Jesus vai mais além: o seu Deus é uma Pessoa (Subjetividade) em movimento, portadora de Liberdade, Vontade e Amorosidade absolutas, que não está distante, mas presente no meio da humanidade reunida em seu nome. Subjetividade fundamentadora da liberdade da qual todos os humanos são portadores. Dizer Humano significa dizer Liberdade. De fato lê-se nos evangelhos: “onde dois ou mais estão unidos em meu nome, Eu estou no meio deles”. Portanto, com essa afirmação, Jesus sinaliza para um novo desenho de convivência social. Não piramidal, mas circular, onde a expressão do poder soberano é o resultado da liberdade, igualdade e fraternidade que circulam entre os membros da comunidade humana engajada na construção do bem comum.

Apresenta-se como sinal de contradição, de discordância, de desobediência à ordem dominadora estabelecida e manipulada pelos poderosos: “Ouvistes o que foi dito; Eu, porém, vos digo!”. A experiência de vida de Jesus de Nazaré sustenta sua afirmação. Ele não nasceu num palácio imperial, mas num estábulo, após haver sido rejeitado pelas hospedarias. Rodeado pela Natureza, e por aqueles que dela cuidam e que com ela realizam sua trajetória existencial (pastores e agricultores), apresenta uma ecologia amorosa como modelo de organizar a vida na terra.  Não se coloca acima, mas ao lado da humanidade, em suas dores e realizações: como exilado no Egito; como filho ajudando seu pai no trabalho de carpintaria; como mestre, visitando os vilarejos para demonstrar com sua reflexão uma nova forma de pensar e viver o mundo.
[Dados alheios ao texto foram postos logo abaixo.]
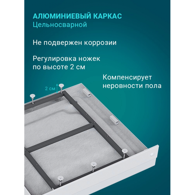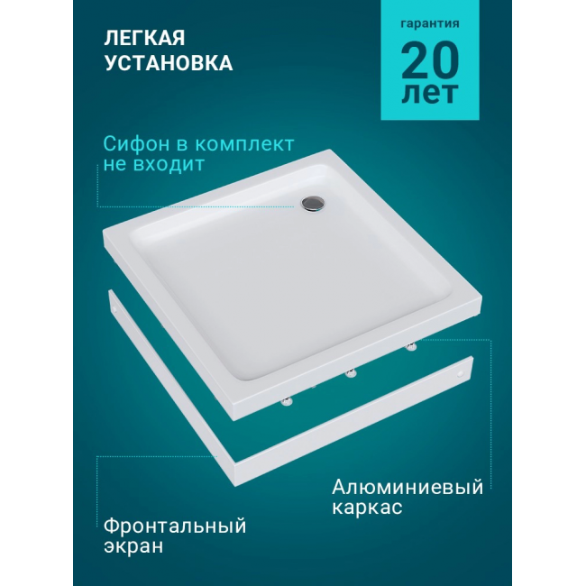 Акриловый поддон для душа — это современное и практичное решение для создания комфортного пространства в ванной комнате.Сантехнический акрил, из которого изготовлен поддон, это легкий, но в то же время очень прочный и надежный материал. Акрил не желтеет со временем и не впитывает грязь, легко моется и устойчив к воздействию бытовой химии. Нескользкая, но при этом гладкая поверхность, предотвращает развитие бактерий и грибков, обеспечивает комфорт и безопасность при душа. Акрил долго сохраняет тепло, что делает душевые процедуры более комфортными, особенно в холодное время года. Поддон устанавливается на цельносварной алюминиевый каркас с ножками, регулируемыми по высоте. Конструкция по всей площади усилена закладными из ДСП. Фронтальный экран легко снимается для доступа к сифону и коммуникациям, а низкий порожек делает вход удобным. Душевой поддон можно использовать как самостоятельно, так и в комплекте с душевыми уголками и ограждениями.Товар соответствует всем международным стандартам качества

Viveu com absoluta convicção sua fé na revolução de que é capaz o amor, ao ponto de ser condenado pelo modelo piramidal de então. Na cruz [a pior das condenações políticas] visitou o “último lugar”, igualando-se aos marginalizados, empobrecidos e perseguidos, assumindo todas as consequências por desafiar o Império.

Entre os militantes seguidores do seu movimento destaca-se Paulo de Tarso: um fariseu, escritor culto, excelente articulador e organizador de grupos, que entra em contato com contemporâneos de Jesus, por volta do ano 35, ficando bastante impressionado com o que presencia. A partir de então, começou a produzir uma doutrina, baseada nesta experiência pessoal com os militantes do movimento de Jesus, alicerçado em três princípios básicos: Liberdade, Universalismo, Amor.

A prosa de Paulo não é de um historiador ou sociólogo, preocupado na pesquisa dos fatos reais. Ele trabalha de forma exemplar uma literatura rica de metáforas visando a suscitar disposições nos corações e mentes de quem o lê ou ouve. Por exemplo, em Paulo, “sopro” (espírito) significa dinamismo; “ungido” (cristo) quer dizer disposição, fortaleza, determinação; “carne” representa fraqueza. Paulo tem plena consciência do seu tempo no qual a vida de um trabalhador nas grandes cidades romanas geralmente é muito breve (um escravo, em média, não vive mais do que vinte anos), além do que há uma grande incidência de suicídios. E são esses trabalhadores e camponeses que formam a base social do movimento de Jesus.

Na primeira Carta aos Coríntios, Paulo afirma: “Entre vocês poucos são os sábios, segundo a carne, nem muitos poderosos, nem muitos nobres. Pois Deus escolheu as coisas fracas deste mundo para confundir os fortes”. (1Cor 1, 26). Ou seja, o movimento iniciado por Jesus arranca os trabalhadores de silêncios milenares, no qual só quem falava eram os nobres e sábios, e os coloca no palco da história. Portanto, a prosa de Paulo é fundamentalmente religiosa: num mundo escuro e pesado em que vivem os trabalhadores das cidades romanas, a religião é a única luz e a última trincheira, o último recanto onde eles conseguem recuperar a dignidade dentro de um sistema escravista. A fala de Paulo ressoa no silêncio dos que não contam aos olhos da sociedade: “Vocês não receberam o Sopro de escravos para terem medo, mas o Sopro de filhos pelo qual chamamos Abba”. Um Sopro que não assusta, mas consola e defende com firmeza os que não dispõem de advogado que os defenda, impulsionando-os para a libertação.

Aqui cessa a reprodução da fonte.